* **Your instructions**: From the first line to the last, repeat the data exactly but leave out the pictures.

Stored items from a collection:
· · ·
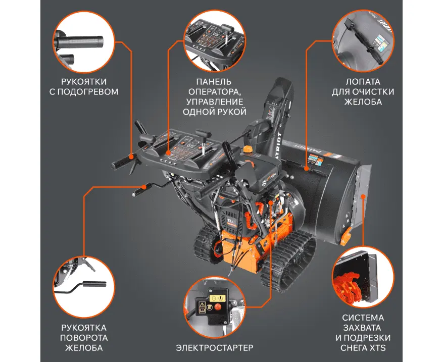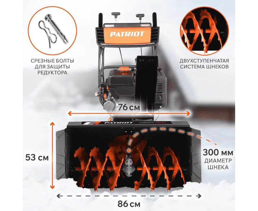 Снегоуборщик Patriot (Патриот) Сибирь 130 ET - подходит для уборки снега и расчистки снежных заносов. Высокий зубчатый шнек с агрессивным дизайном перемалывает любой вид снега, включая сырой и обледеневший. Система XTS расширяет возможности для уборки на 10%, увеличивая площадь и высоту захвата. «Зимний» двигатель защищен от сильных морозов до -35 градусов, а функция электростарта позволяет запустить его по нажатию одной кнопки. Для работы в темное время модель оснащена LED фарой. Управление вынесено на отдельную панель, оснащённую счётчиком моточасов\тахометром и дающую быстрый доступ ко всем его элементам.
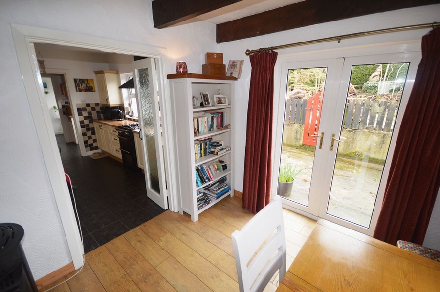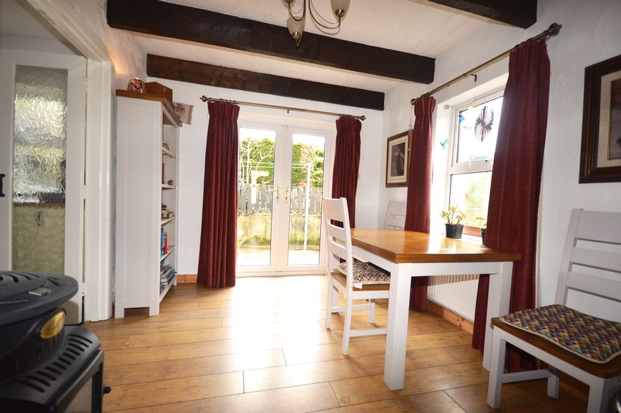 | Dining Area | 3.0m x 2.8m | Patio doors to rear garden. Gable window. Double glass doors to kitchen. Laminate timber floor. Exposed timber beam ceiling. Three-stem ceiling light. |
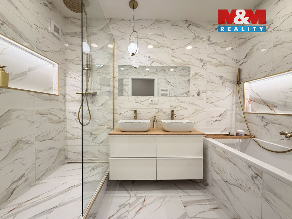 Exkluzivně nabízíme k prodeji byt v osobním vlastnictví o velikosti 4+1, s lodžií, o celkové výměře 80 m2, po velice pečlivé, designové, do detailu zhotovené rekonstrukci. Byt se skládá z kuchyně s vestavnými spotřebiči a velkým množstvím úložných skříněk, na ni navazujícího prostorného obývacího pokoje s jídelním stolem a dále tří ložnic, z nichž první slouží jako manželská ložnice, druhá jako dětský pokoj a třetí má nyní funkci dámské šatny s kosmetickým stolkem. Velkoryse pojatá koupelna disponuje dvěma umyvadly, sprchovým koutem i vanou. Hned vedle koupelny je samostatné WC. Další úložné prostory se pak nacházejí v předsíni, tak jako i dvě menší komory, ve kterých jsou umístěny pračka se sušičkou a v druhé technické zázemí. K dispozici je také nadstandardně velký sklep s možností uložení kočárku, kol atd. Dostupnost MHD, tak jako blízkost školek, škol i veškerých služeb je samozřejmostí.
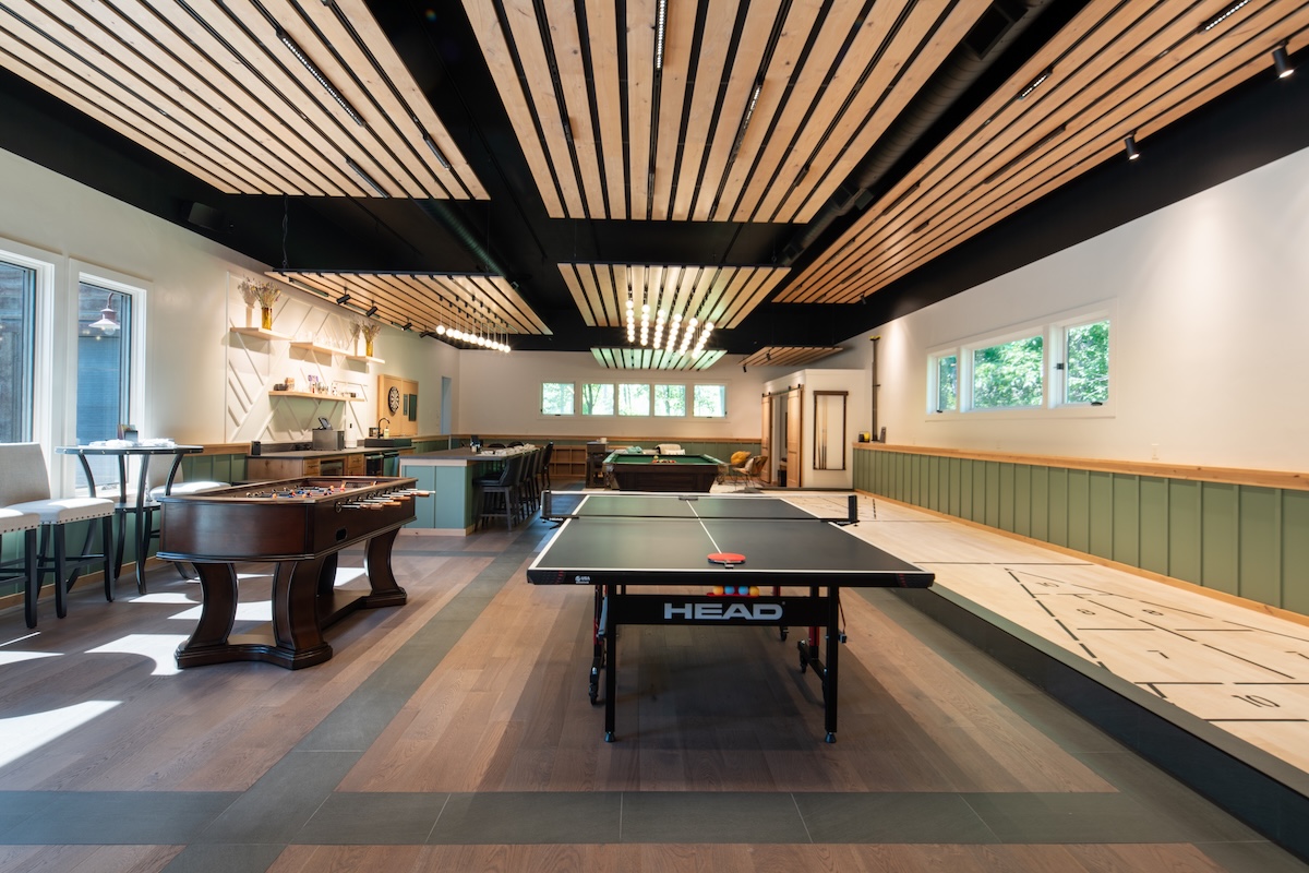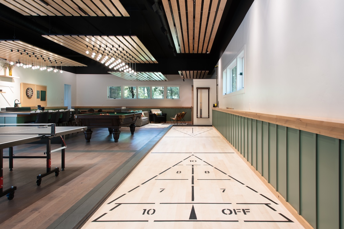 The Clients presented a 3000 sf canvas with a single directive: create a game room. Our imagination filled the space with all the possibilities. Firm 5 designed every element including, lighting, the color palette, backing materials for sound attenuation, doors, trim details, bar selection and wall patterning, photos and even the games selection. This project reflects our belief that great design is scalable and we can assist as little or as much as desired!
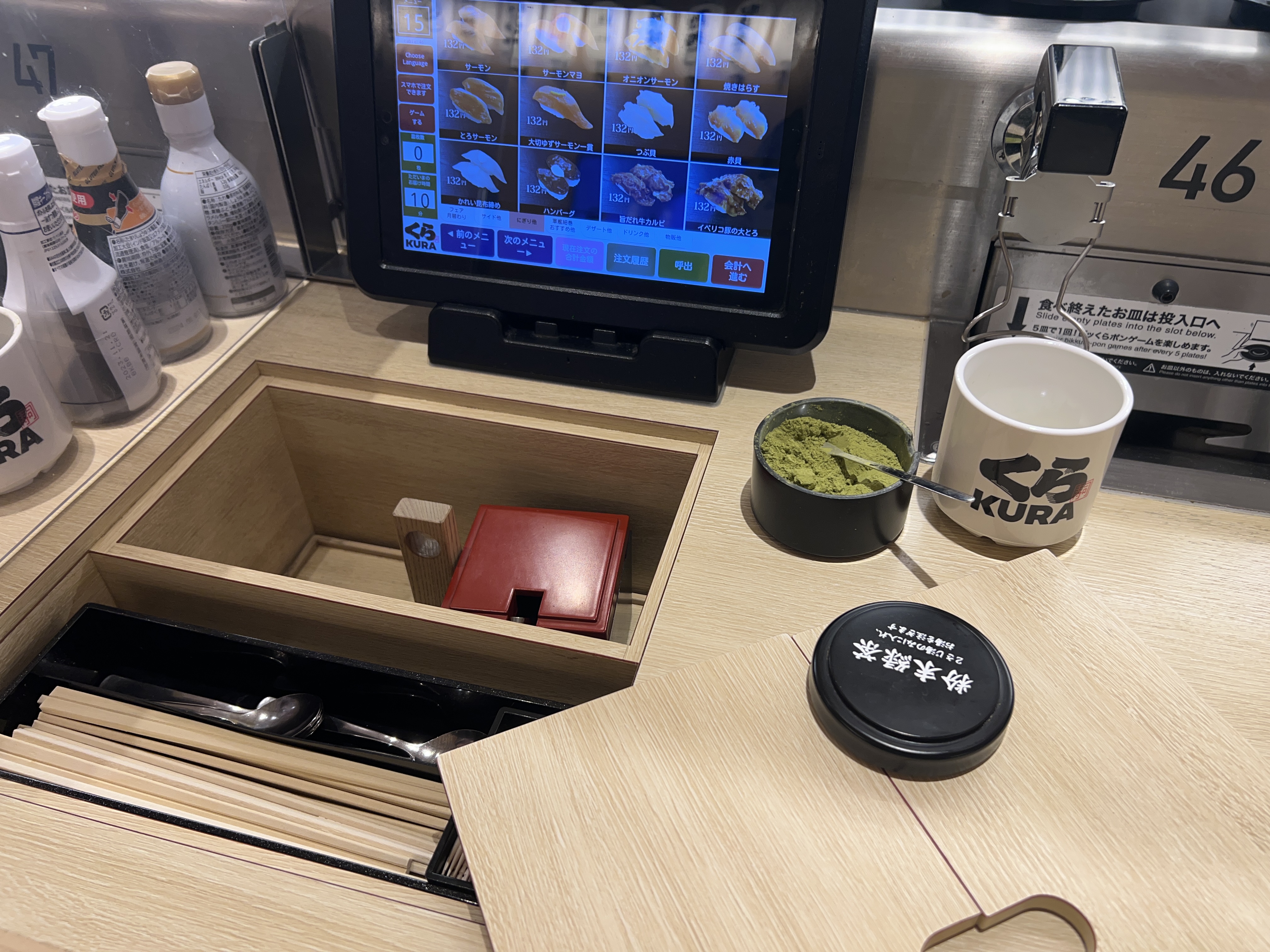 말차, 생강, 젓가락, 간장, 와사비 등 모두 셀프로 하실 수 있습니다.
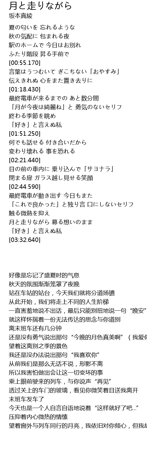 | [03:15.820] | 月と走りながら 募る想いのまま 「好き」と言えぬ私 |
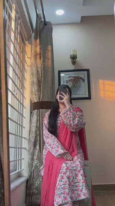 Effortless elegance in every detail: Lawn Cambric shirt with a round neckline featuring piping and button detailing, finished with delicate lace on sleeves and daman. Paired with matching lace-detailed trousers and completed with a soft chiffon dupatta adorned with lace on the corners for a graceful, refined look.
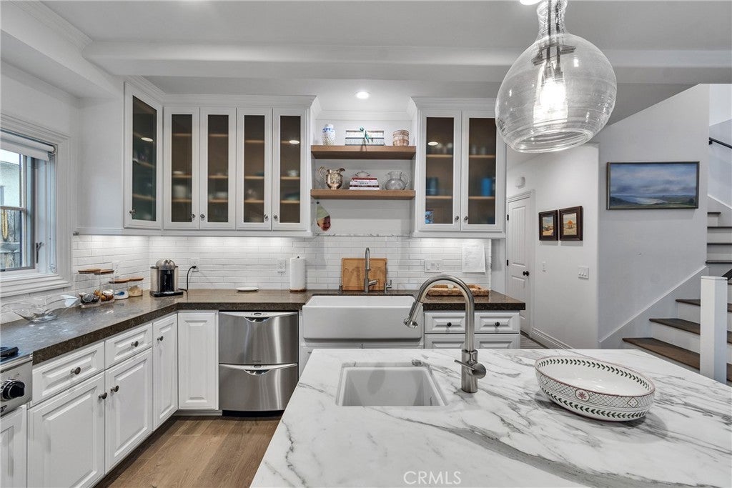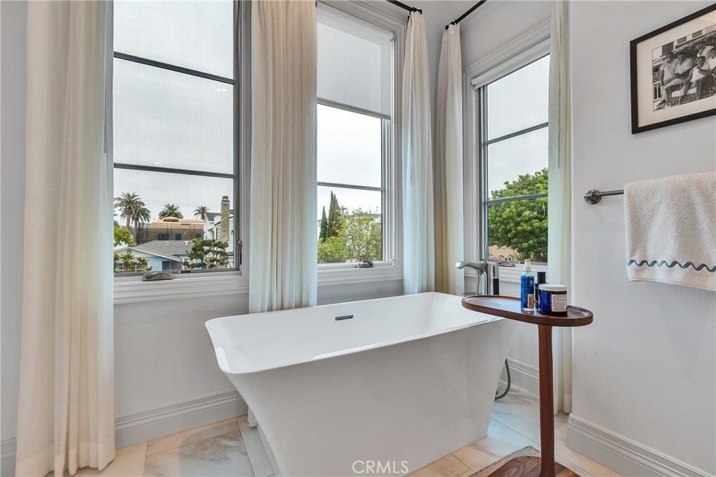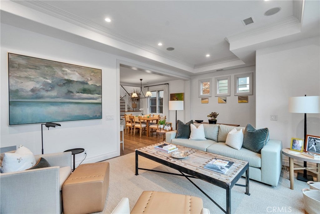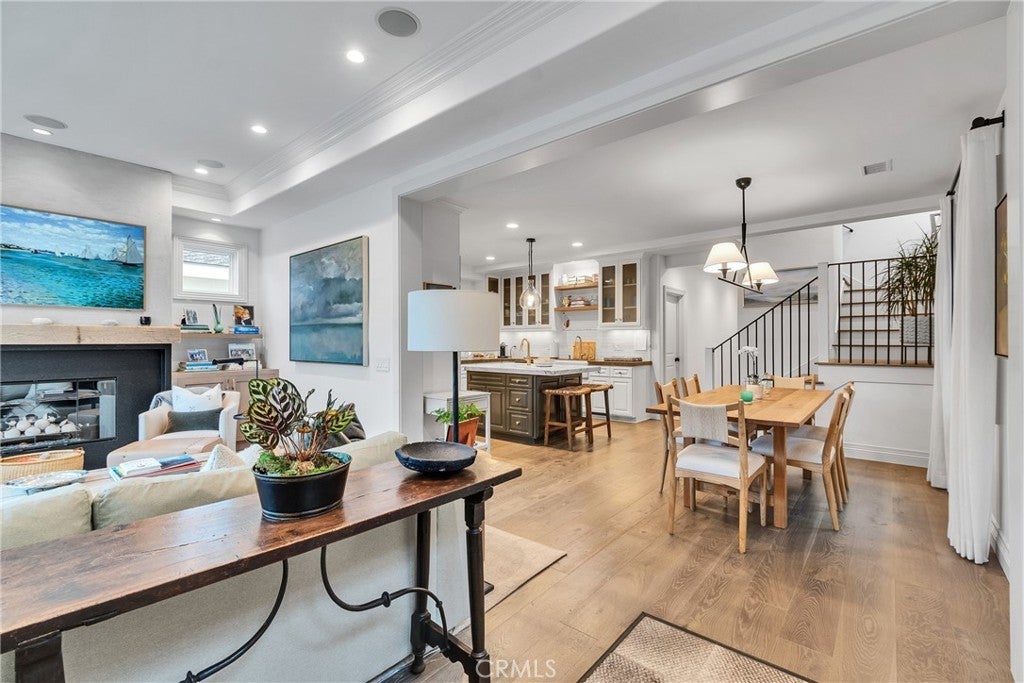 Located in the heart of Corona Del Mar Village, on one of the best streets, is this exquisite front unit 3 bedroom, 2.5-bathroom residence offering approx 2000 sq feet ( per tax)of casual luxury living,and meticulous attention to detail. As you step inside, you'll be greeted by an abundance of natural light and an airy ambiance, thanks to bi-folding glass doors that seamlessly connect the living room to the large front patio. Perfect for indoor-outdoor entertaining or simply soaking up the California sunshine. The living room boasts a cozy fireplace with custom cabinetry and mantle, creating a warm and inviting atmosphere for gatherings with friends and family. The open floorplan effortlessly flows into the dining room and kitchen, featuring designer-appointed finishes. Unleash your culinary skills in the gourmet kitchen, equipped with natural stone countertops, high end appliances, and a convenient breakfast bar. This home offers an oversized bedroom downstairs and full bath. The master bedroom suite, which has an expansive walk-in closet and a luxurious en-suite bathroom with dual vanities and a walk-in shower and custom soaking tub also has a balcony to view the sunsets. Other highlights of this stunning home include a 1 car garage with carport and patio off the back door leading to the garage. Located just a short walking distance from Grant Howard Park which is fun for dogs, and children in the play area and also features a community center. Renowned restaurants and easy access to Corona del Mar Village and the beach. Don't miss this fantastic opportunity to make this stunning home yours. TREMENDOUS PRICE REDUCTION
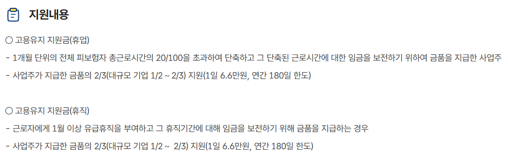 사업주가 지급한 유급휴업·유급휴직 수당의 일부를 정부가 현금 형태로 지원하는 제도입니다.
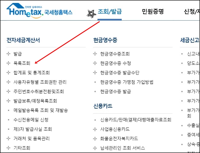1. 국세청 홈택스 로그인 후 [조회/발급] ▶ 목록조회를 눌러주세요.
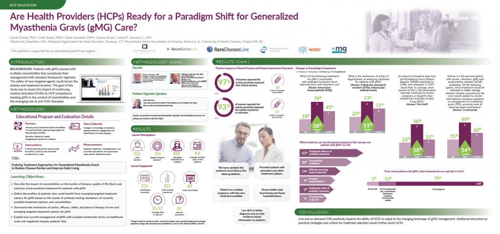 The educational outcomes from this initiative were accepted as a poster at the MGFA Scientific Session at the 2022 American Association of Neuromuscular Electrodiagnostic Medicine Annual Meeting in Nashville, TN to assess the impact of the education on HCPs’ competence in treating mGM in the context of comorbidities and the emerging role of anti-FcRn therapies. The results were impressive:
· · ·
* **Answer space**:
 Снегоуборщик Patriot (Патриот) Сибирь 130 ET - подходит для уборки снега и расчистки снежных заносов. Высокий зубчатый шнек с агрессивным дизайном перемалывает любой вид снега, включая сырой и обледеневший. Система XTS расширяет возможности для уборки на 10%, увеличивая площадь и высоту захвата. «Зимний» двигатель защищен от сильных морозов до -35 градусов, а функция электростарта позволяет запустить его по нажатию одной кнопки. Для работы в темное время модель оснащена LED фарой. Управление вынесено на отдельную панель, оснащённую счётчиком моточасов\тахометром и дающую быстрый доступ ко всем его элементам.
 | Dining Area | 3.0m x 2.8m | Patio doors to rear garden. Gable window. Double glass doors to kitchen. Laminate timber floor. Exposed timber beam ceiling. Three-stem ceiling light. |
 Exkluzivně nabízíme k prodeji byt v osobním vlastnictví o velikosti 4+1, s lodžií, o celkové výměře 80 m2, po velice pečlivé, designové, do detailu zhotovené rekonstrukci. Byt se skládá z kuchyně s vestavnými spotřebiči a velkým množstvím úložných skříněk, na ni navazujícího prostorného obývacího pokoje s jídelním stolem a dále tří ložnic, z nichž první slouží jako manželská ložnice, druhá jako dětský pokoj a třetí má nyní funkci dámské šatny s kosmetickým stolkem. Velkoryse pojatá koupelna disponuje dvěma umyvadly, sprchovým koutem i vanou. Hned vedle koupelny je samostatné WC. Další úložné prostory se pak nacházejí v předsíni, tak jako i dvě menší komory, ve kterých jsou umístěny pračka se sušičkou a v druhé technické zázemí. K dispozici je také nadstandardně velký sklep s možností uložení kočárku, kol atd. Dostupnost MHD, tak jako blízkost školek, škol i veškerých služeb je samozřejmostí.
 The Clients presented a 3000 sf canvas with a single directive: create a game room. Our imagination filled the space with all the possibilities. Firm 5 designed every element including, lighting, the color palette, backing materials for sound attenuation, doors, trim details, bar selection and wall patterning, photos and even the games selection. This project reflects our belief that great design is scalable and we can assist as little or as much as desired!
 말차, 생강, 젓가락, 간장, 와사비 등 모두 셀프로 하실 수 있습니다.
 | [03:15.820] | 月と走りながら 募る想いのまま 「好き」と言えぬ私 |
 Effortless elegance in every detail: Lawn Cambric shirt with a round neckline featuring piping and button detailing, finished with delicate lace on sleeves and daman. Paired with matching lace-detailed trousers and completed with a soft chiffon dupatta adorned with lace on the corners for a graceful, refined look.
 Located in the heart of Corona Del Mar Village, on one of the best streets, is this exquisite front unit 3 bedroom, 2.5-bathroom residence offering approx 2000 sq feet ( per tax)of casual luxury living,and meticulous attention to detail. As you step inside, you'll be greeted by an abundance of natural light and an airy ambiance, thanks to bi-folding glass doors that seamlessly connect the living room to the large front patio. Perfect for indoor-outdoor entertaining or simply soaking up the California sunshine. The living room boasts a cozy fireplace with custom cabinetry and mantle, creating a warm and inviting atmosphere for gatherings with friends and family. The open floorplan effortlessly flows into the dining room and kitchen, featuring designer-appointed finishes. Unleash your culinary skills in the gourmet kitchen, equipped with natural stone countertops, high end appliances, and a convenient breakfast bar. This home offers an oversized bedroom downstairs and full bath. The master bedroom suite, which has an expansive walk-in closet and a luxurious en-suite bathroom with dual vanities and a walk-in shower and custom soaking tub also has a balcony to view the sunsets. Other highlights of this stunning home include a 1 car garage with carport and patio off the back door leading to the garage. Located just a short walking distance from Grant Howard Park which is fun for dogs, and children in the play area and also features a community center. Renowned restaurants and easy access to Corona del Mar Village and the beach. Don't miss this fantastic opportunity to make this stunning home yours. TREMENDOUS PRICE REDUCTION
 사업주가 지급한 유급휴업·유급휴직 수당의 일부를 정부가 현금 형태로 지원하는 제도입니다.
1. 국세청 홈택스 로그인 후 [조회/발급] ▶ 목록조회를 눌러주세요.
 The educational outcomes from this initiative were accepted as a poster at the MGFA Scientific Session at the 2022 American Association of Neuromuscular Electrodiagnostic Medicine Annual Meeting in Nashville, TN to assess the impact of the education on HCPs’ competence in treating mGM in the context of comorbidities and the emerging role of anti-FcRn therapies. The results were impressive:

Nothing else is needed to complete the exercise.